_REQUIRED WORK_
From the first line down to the one containing "Anzeigegerät für elektrostatische", reproduce the entries below exactly and leave out the pictures.

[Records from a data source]
= = =

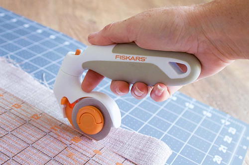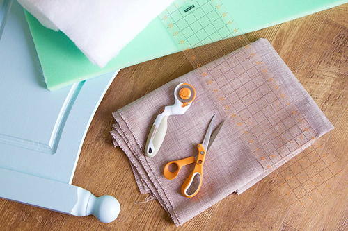 Use the Adjustable Three-Position Rotary Cutter and the Acrylic Ruler to trim the upholstery fabric to size. The fabric should be cut about 8 inches longer and wider than the foam. Using the rotary cutter in the power position will facilitate easier cutting of heavy-weight fabrics.
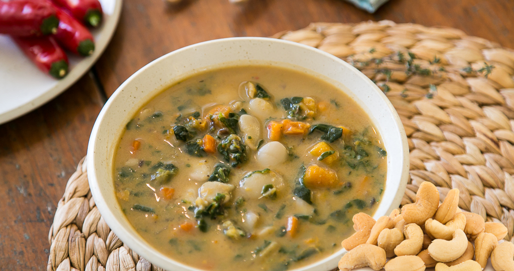 - Add the pre-soaked and drained cashews and chopped spinach to the pot. Simmer for another 10 minutes.
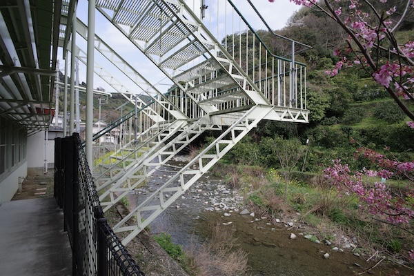 「八幡浜市立日土小学校」東校舎川側の階段(2025年撮影, 愛媛県)
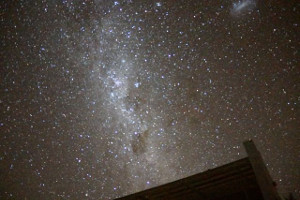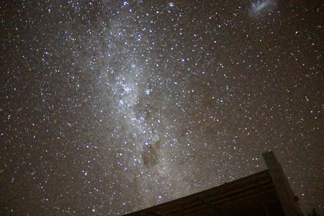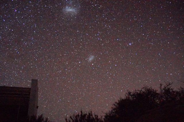 Auf dem ersten der beiden unteren Bilder sind die Magellanschen Wolken, oben im Bild die Große Magellansche Wolke und mittig die Kleine Magellansche Wolke, zu sehen; auf dem unteren Bild ein Ausschnitt des Bandes der Milchstraße, wie man es auch hier Nachts an sehr dunklen Orten sehen könnte.
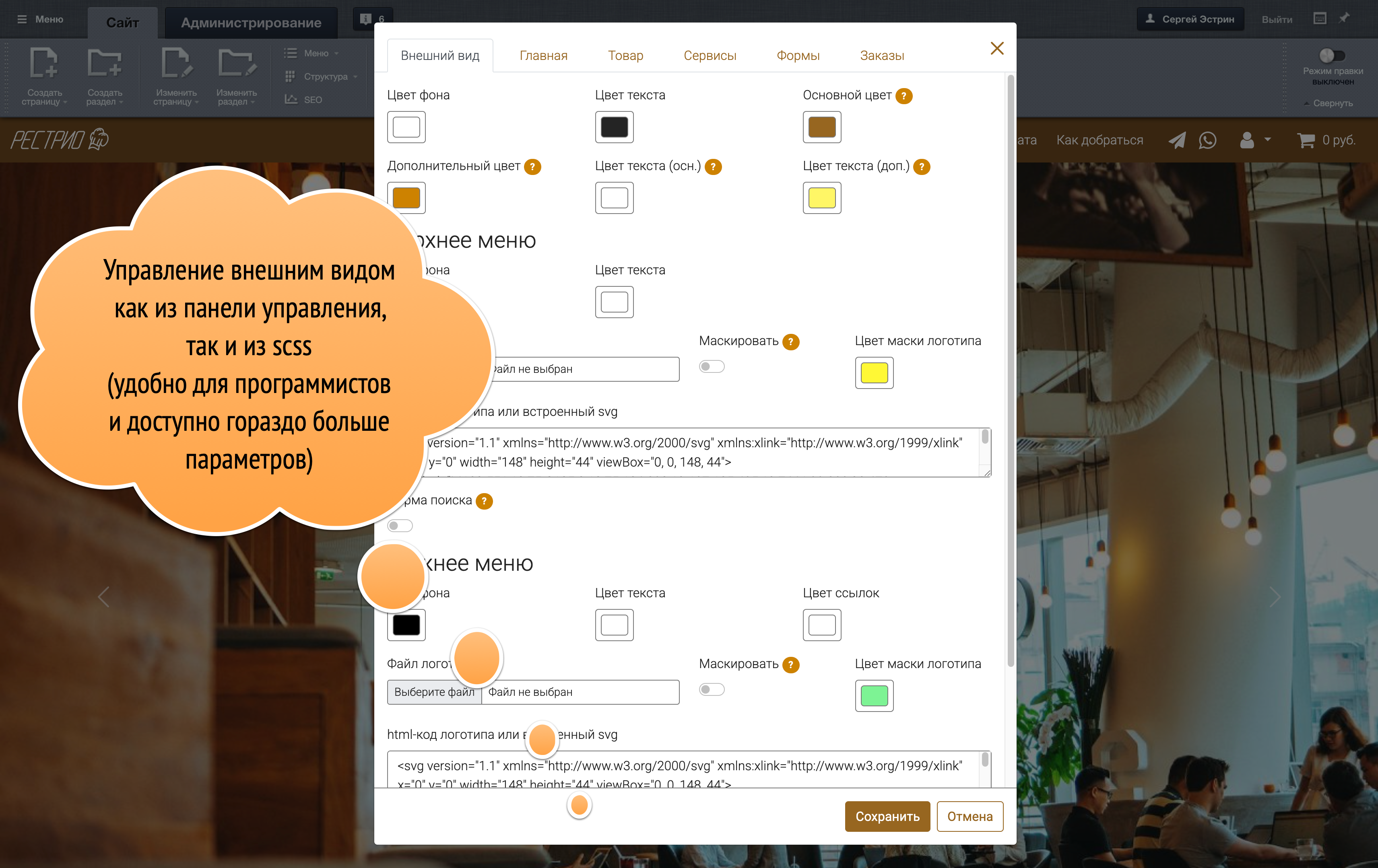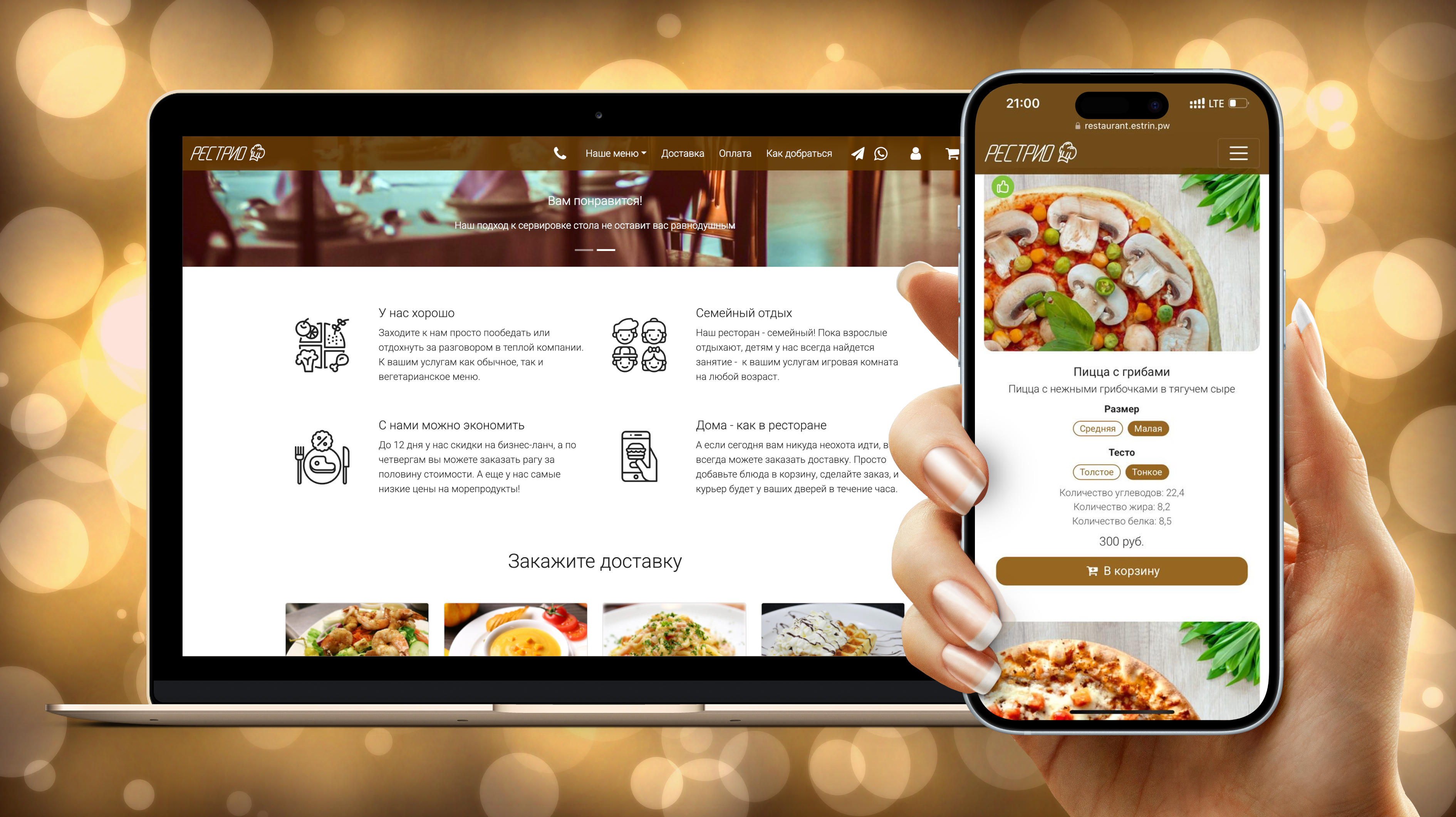 Готовый сайт ресторана с возможностью резервирования и онлайн заказов для редакций «1С-Битрикс Управление сайтом» включающих модуль «Интернет-магазин».
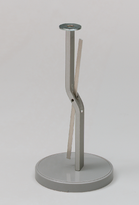 Anzeigegerät für elektrostatische Ladungen. Aluminiumhalter mit Metallzeiger und Kondensatorplatte auf rundem Kunststoffsockel.
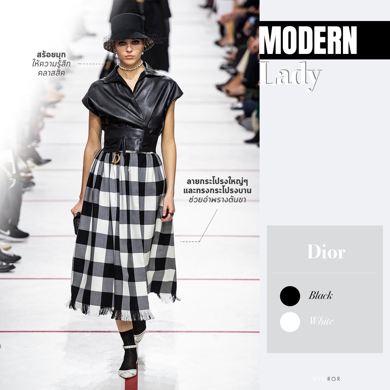 MIRROR picks : นี่คือการแต่งตัวที่จะทำให้ผู้หญิงดูสวยสง่าที่สุด MIRROR ชอบที่ดิออร์เอาลุควินเทจมาทำให้เก๋ขึ้นด้วยการใส่เสื้อหนังแทนเสื้อเชิ้ต ส่วนกระโปรงก็มีลูกเล่นเป็นเชิงรุ่ยๆ ทำให้ผู้หญิงดูเหมือนจะเรียบร้อยแบบมีเซอร์ไพรส์ เหมาะกับผู้หญิงยุคใหม่ที่ชอบความเรียบโก้แต่ไม่ดูเชย ที่สำคัญคือกระโปรงทรงนี้และลายพิมพ์ใหญ่สามารถช่วย "อำพรางหน้าท้อง" และต้นขาได้ดีมาก ไม่ต้องคอยแขม่วเพราะลายจะดึงความสนใจให้สายตาของคนไม่เพ่งไปที่หน้าท้องของคุณ มั่นใจได้เลย
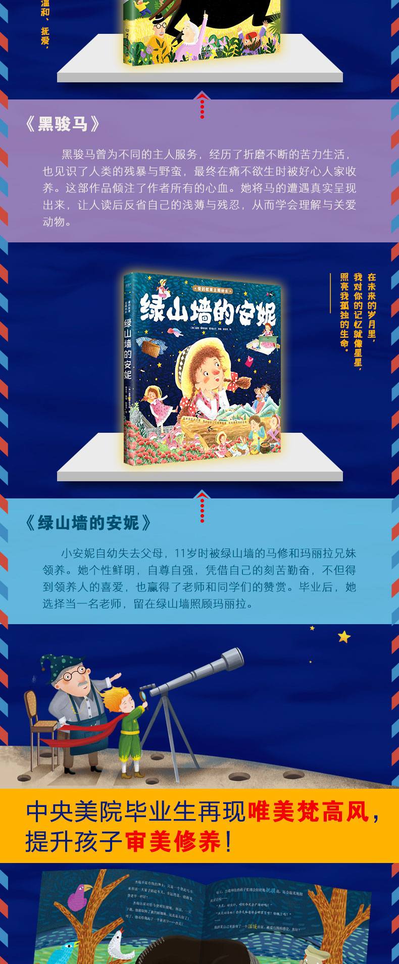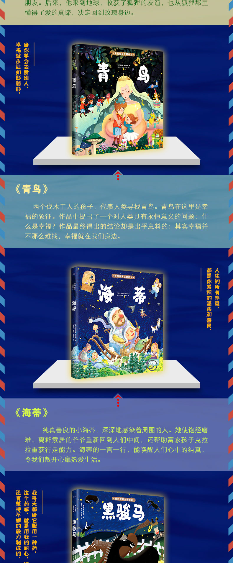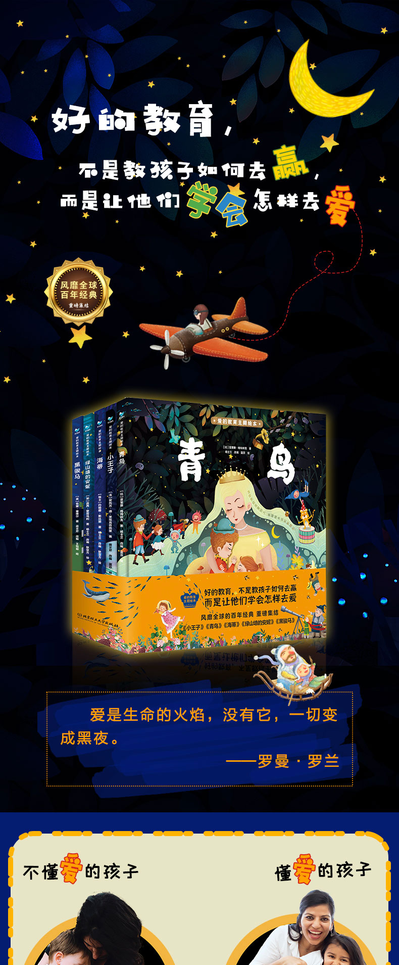 【3-10岁】《小小孩的大名著:爱的教育主题绘本》硬壳精装函套5册 小王子+青鸟+海蒂+黑骏马+绿山墙的安妮

= = =

_SOLUTION_
 Use the Adjustable Three-Position Rotary Cutter and the Acrylic Ruler to trim the upholstery fabric to size. The fabric should be cut about 8 inches longer and wider than the foam. Using the rotary cutter in the power position will facilitate easier cutting of heavy-weight fabrics.
 - Add the pre-soaked and drained cashews and chopped spinach to the pot. Simmer for another 10 minutes.
 「八幡浜市立日土小学校」東校舎川側の階段(2025年撮影, 愛媛県)
 Auf dem ersten der beiden unteren Bilder sind die Magellanschen Wolken, oben im Bild die Große Magellansche Wolke und mittig die Kleine Magellansche Wolke, zu sehen; auf dem unteren Bild ein Ausschnitt des Bandes der Milchstraße, wie man es auch hier Nachts an sehr dunklen Orten sehen könnte.
 Готовый сайт ресторана с возможностью резервирования и онлайн заказов для редакций «1С-Битрикс Управление сайтом» включающих модуль «Интернет-магазин».
 Anzeigegerät für elektrostatische Ladungen. Aluminiumhalter mit Metallzeiger und Kondensatorplatte auf rundem Kunststoffsockel.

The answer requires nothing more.